When working with AI on identifying core content, the first step is to make smart Delegation decisions. This depends on your own subject-matter expertise and your goals. For example, you might have high-level topics and need help filling out details, or you might have specific concepts but need help organizing them.

The Power of Description

Next comes Description—inviting AI into your specific problem space. Instead of asking for "introductory statistics topics," try a prompt like:

"I'm building a stats course for journalism students who need data literacy but often come to me anxious about math or skeptical that statistics matter in their careers. Help me think through how to identify concepts that will help address these student concerns while building their confidence."

This creates a thinking space rooted in your actual pedagogical challenge rather than generic course planning.

Discernment and Diligence

As AI suggests ideas, use Discernment to evaluate them against your expertise. Don't just accept or reject; explain to the AI assistant why something works or doesn't in your context. By doing this, you are teaching your AI partner.

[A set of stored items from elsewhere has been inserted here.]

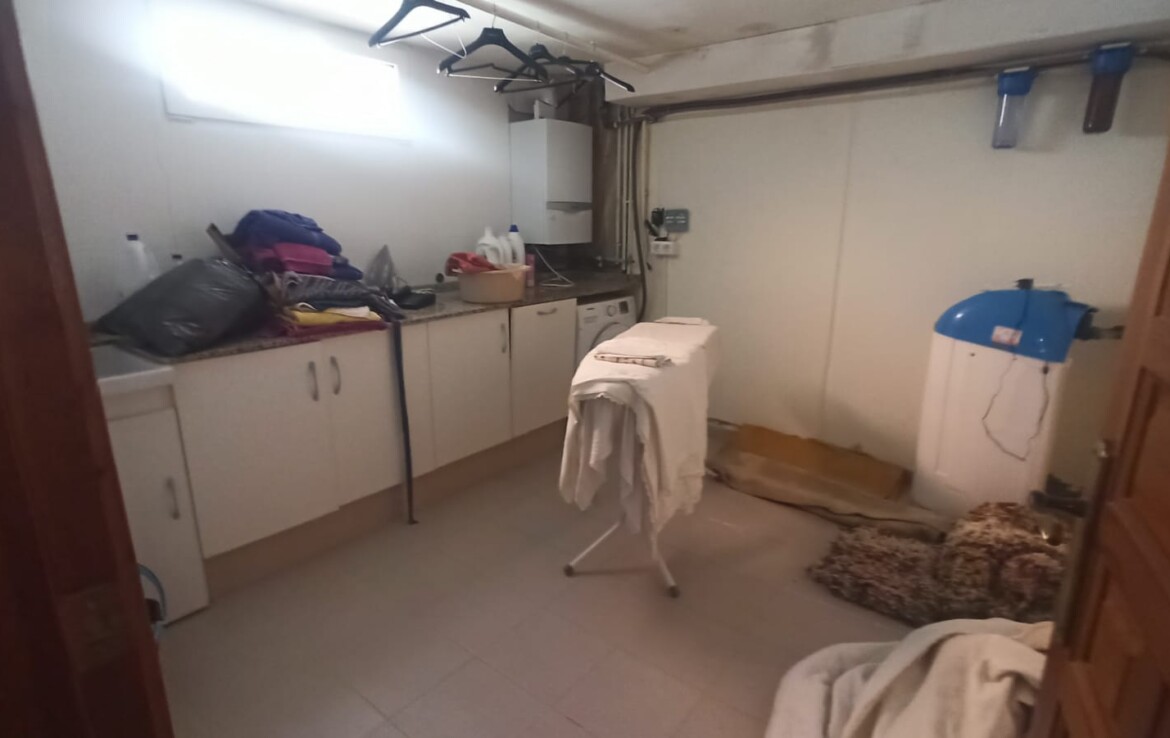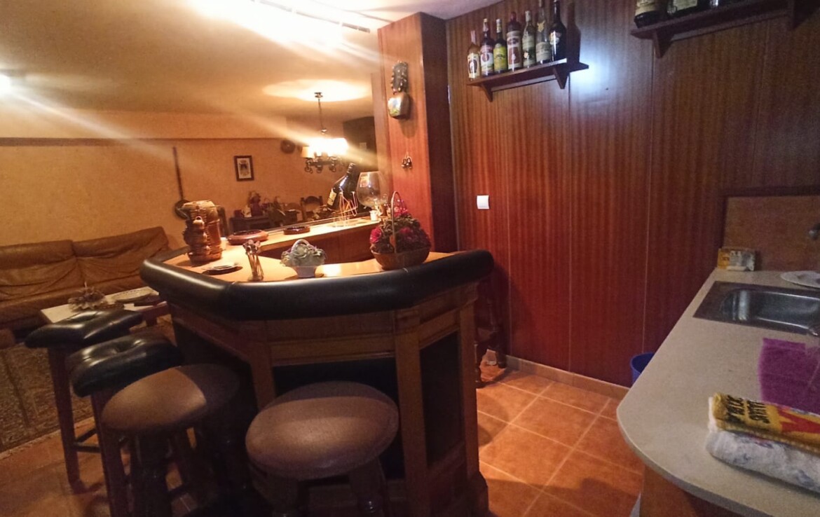 Sótano: acogedora sala-bodega con barra y fregadero, amplio garaje, habitación de 14 m² para lavandería y un práctico trastero.
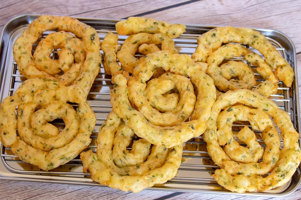じゃがいもをつぶして絞り袋に入れ、くるくると成形してこんがり揚げた「くるくる青のりチーズポテト」。
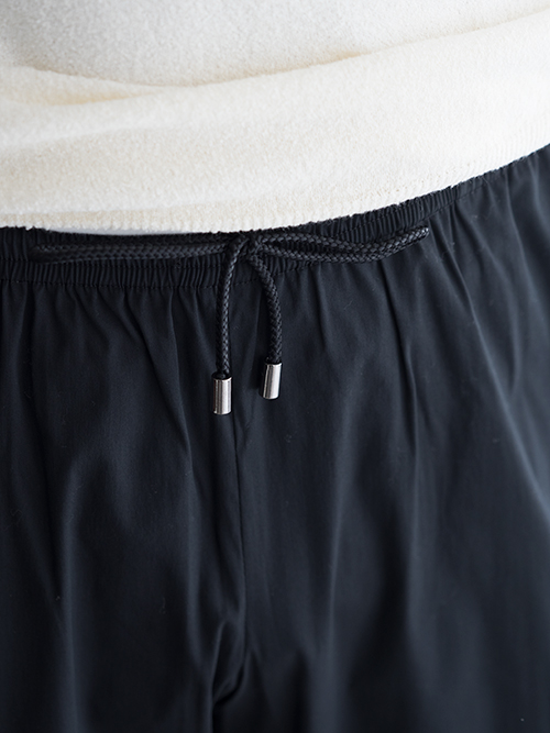 ウエストは総ゴム仕様で、着脱も非常にスムーズ。締め付け感が少なく、それでいてシルエットはすっきりとシャープな印象を損ないません。イージーパンツでありながら、野暮ったさを感じさせないのがこのブランドらしさです。
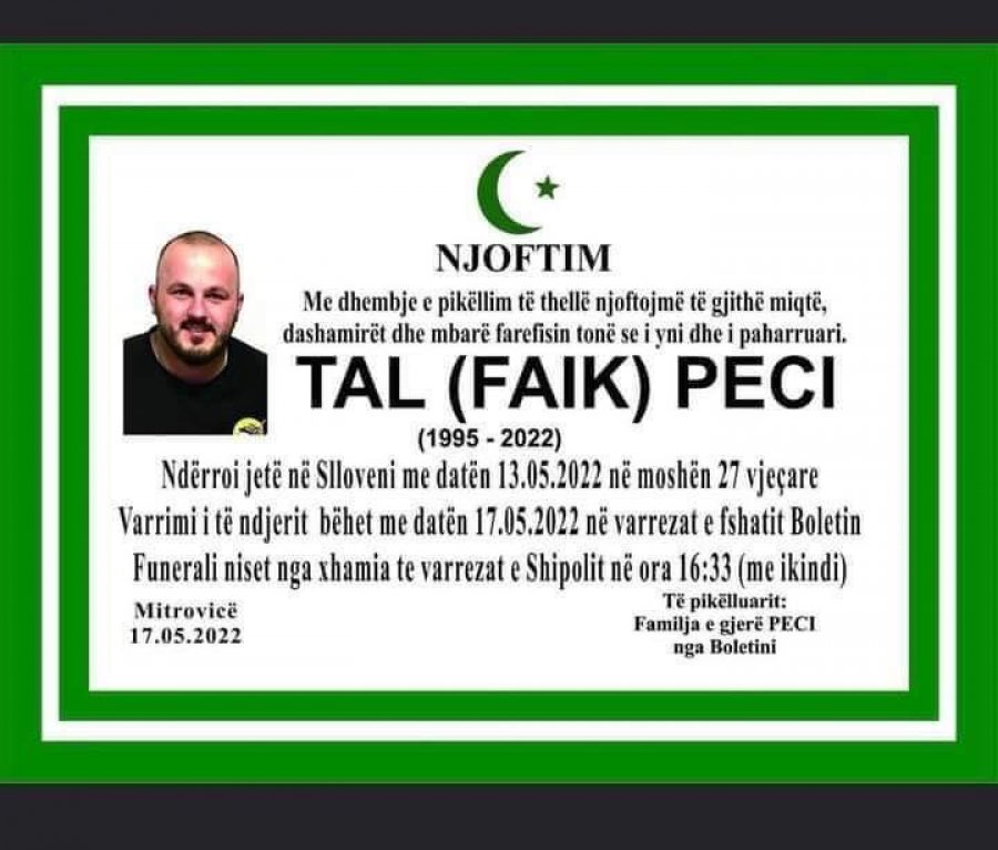 Familjarët kanë njoftuar sot se 27-vjeçari Tal Peci ka vdekur në Slloveni më 13 maj, ndërsa varrimi i tij do të bëhet sot, në fshatin Boletin të Mitrovicës.
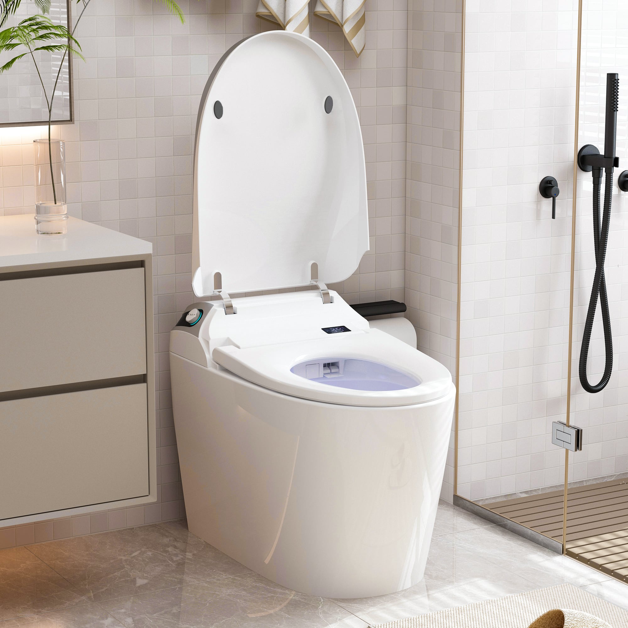 It is like having your own personal throne in the "rest" room . . . warm seat, warm water, warm drying air, night light, opens when you approach, closes later after you leave, has UV cleaning for the spray nozzle, nozzle adjusts for front and rear cleaning, does not require bolts for attachment to the floor, looks elegant and sleek, fits standard 12 inch (305 mm) floor placement from back wall. All in all, a wonderful addition to the master bathroom. Installing it encouraged a full room painting, just to bring the room up to its "new" modern and luxurious appearance.
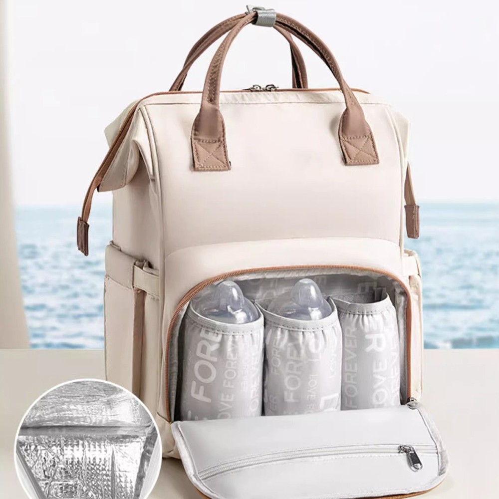 The front pocket includes three thickened aluminum foil-lined bottle holders to effectively maintain the temperature of milk. The side zipper allows for quick access without having to open the main compartment.

Throughout this process, maintain Diligence. You are not outsourcing decisions; you are taking responsibility for what ends up in front of your students. Document key decisions in your AI collaboration and share your thinking with your students to model responsible collaboration.

Task 2: Mapping the Learning Journey

Turning a list of topics into a coherent learning journey is where AI partnership becomes particularly interesting. Start with clear delegation: What aspects of this work can best be automated or augmented?

Interactive Role-Playing

An effective technique for mapping the journey is asking the AI to switch roles. You might say:

"Please act as one of my students. How would you react to this planned course at different points along the way? Where might you get confused? What background would you need at each stage?"

This interactive role-playing capability is like having a student focus group available at any time. Discernment helps you catch problems and recognize unexpected insights, while diligence ensures quality assurance and transparency.

Task 3: Defining Learning Objectives

Collaborating with AI lets us breathe new life into defining learning objectives. If you have been building context—sharing your knowledge, constraints, and goals—you have created a shared understanding of your course. If not, try uploading a course syllabus and describing your approach and teaching context to the AI.

Generative Conversations

Using this foundation, you can craft learning objectives that are accurate, meaningful, and aligned with institutional requirements. Because the process is faster, you can experiment more and try different approaches. You can even work with AI to map course outcomes to resume skills, which can be highly motivating for students.

The "Four Ds" Framework

The Four Ds (Delegation, Description, Discernment, and Diligence) are not just a checklist; they are a framework for building a genuine cognitive partnership.

  • Delegation: Deciding who does what.
  • Description: Providing rich, specific context.
  • Discernment: Critically evaluating AI output.
  • Diligence: Taking responsibility and being transparent.

This context-building approach works for any substantial planning task, including creating new courses from scratch, updating existing curriculum, or developing learning pathways. The real power of fluent AI collaboration comes from surfacing hidden assumptions, discovering creative connections, and maintaining coherence while exploring new ideas. By starting with the big picture and building context as you work through the details, you enhance your entire pedagogical practice.